We use several different animal species (mice, rabbits, rats) to either mimic the heart failure syndrome as a whole, for example by tying off part of the heart muscle under anaesthesia, or to imitate just part of it such as the high catecholamine levels.

My research group was also among the first to do work on isolated human cardiomyocytes. Our understanding from this work leads to involvement in gene therapy trials and more recently in using pluripotent stem cells to produce genotype-specific cardiomyocytes.

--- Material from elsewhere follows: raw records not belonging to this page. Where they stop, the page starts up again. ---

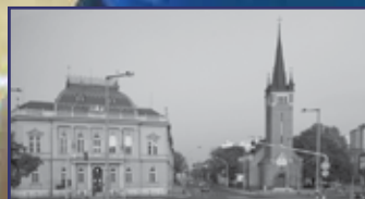
A Várkörút egykor és most 9. oldal
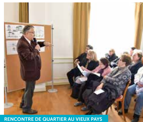
RENCONTRE DE QUARTIER AU VIEUX PAYS
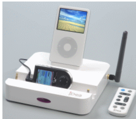
iPod と MP3/MP4 で使用
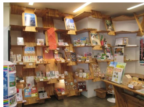
(高尾山口観光案内所/展示棚)
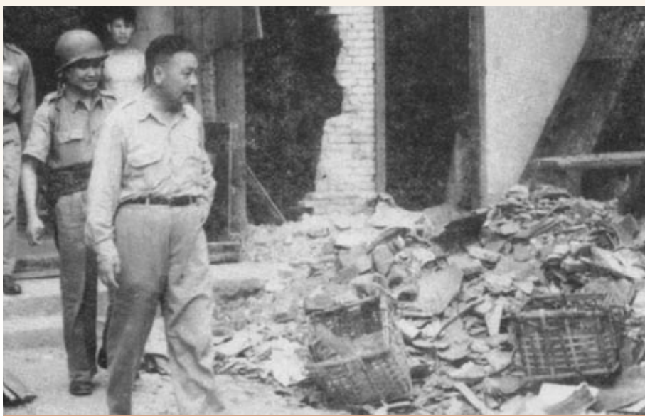
▲國防安全會議蔣經國副秘書長，不顧個人安危，多次於砲戰中前往金門慰問視導。
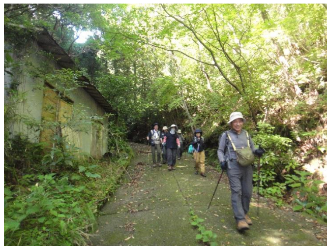
低山の割にきつかった行程を無事に終え 多比バス停へ
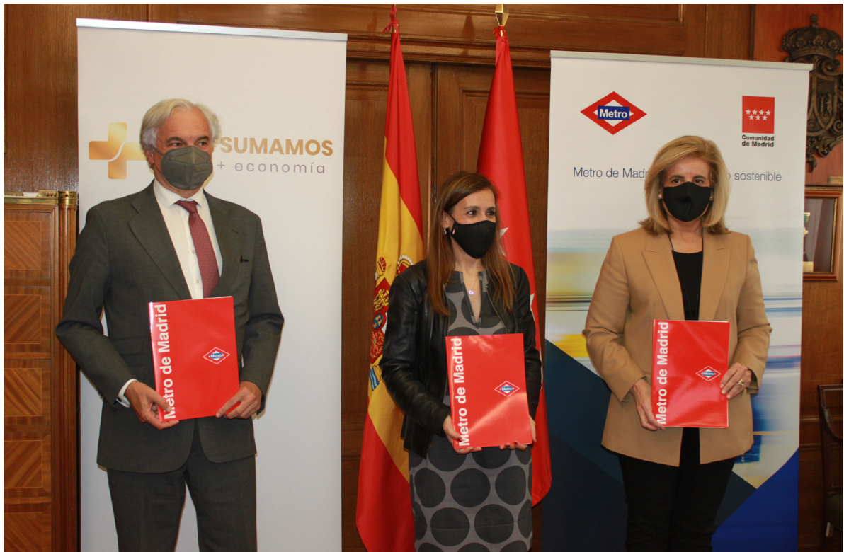
14/04/21 Adhesión de la empresa Metro de Madrid al Plan Sumamos de Fundación CEOE

A lo largo de 2021, en el marco de esta nueva estrategia, destacamos algunos de los más de 20 proyectos en marcha, divididos en proyectos propios y en alianzas estratégicas para el desarrollo de otros conjuntos.
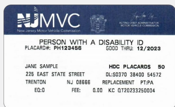
FIGURA 1: Tarjeta de identificación para personas con una discapacidad
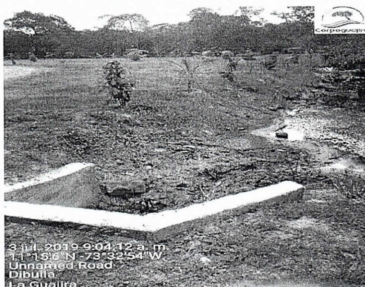
Fotografía 8. Situación actual del Box coulvert No. 3

Siendo que la quema se realizó en el descole o salida del Box Coulvert, no se generó ningún daño al mangle presente en la zona y actualmente no existe taponamientos que impidan el flujo de agua, tal como se observa en la siguiente fotografía.
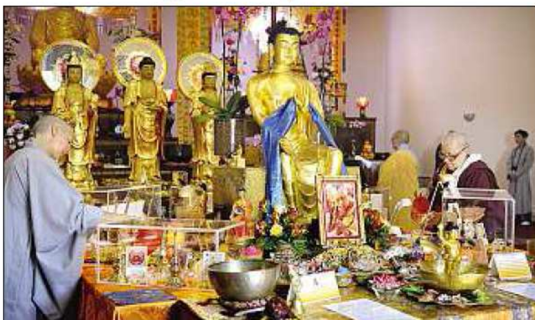
SYMBOLES. Lors de la mise en place des reliques, au centre bouddhiste de Rancon.

« Se prosterner devant ces reliques revient à se prosterner devant le Bouddha lui-même », expliquait Minh-Tho, repré-
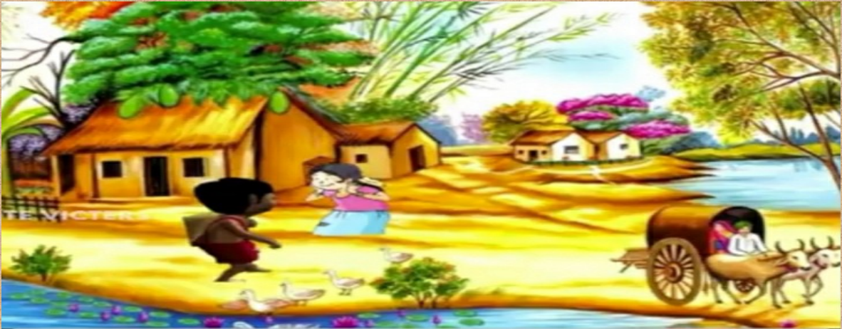
( പേജ് : 36 )

കുട്ടിപ്പുര കാണാൻ കൂട്ടുകാരനായ ഗോകുലിനെ ക്ഷണിച്ചു . ഗോകുൽ സാവിത്രിക്കുട്ടിയോട് കുട്ടിപ്പുരയെക്കുറിച്ച് പലതും ചോദിച്ചു . എന്തൊക്കെയായിരിക്കും അവർ തമ്മിൽ പറഞ്ഞിരിക്കുക ?

This allows the possibility of gene editing and creating engineered heart tissue. It can be a really powerful tool for looking at larger scale characteristics like arrhythmia.

About animal research

Research involving animals forms an important element of our work but is not undertaken lightly. My commitment towards the Reduction, Refinement and Replacement principles is evident from my pioneering work with human myocardial tissue. However, to fully mimic and understand what happens to the cardiac muscle during heart failure, some use of animal model is still critical for our research.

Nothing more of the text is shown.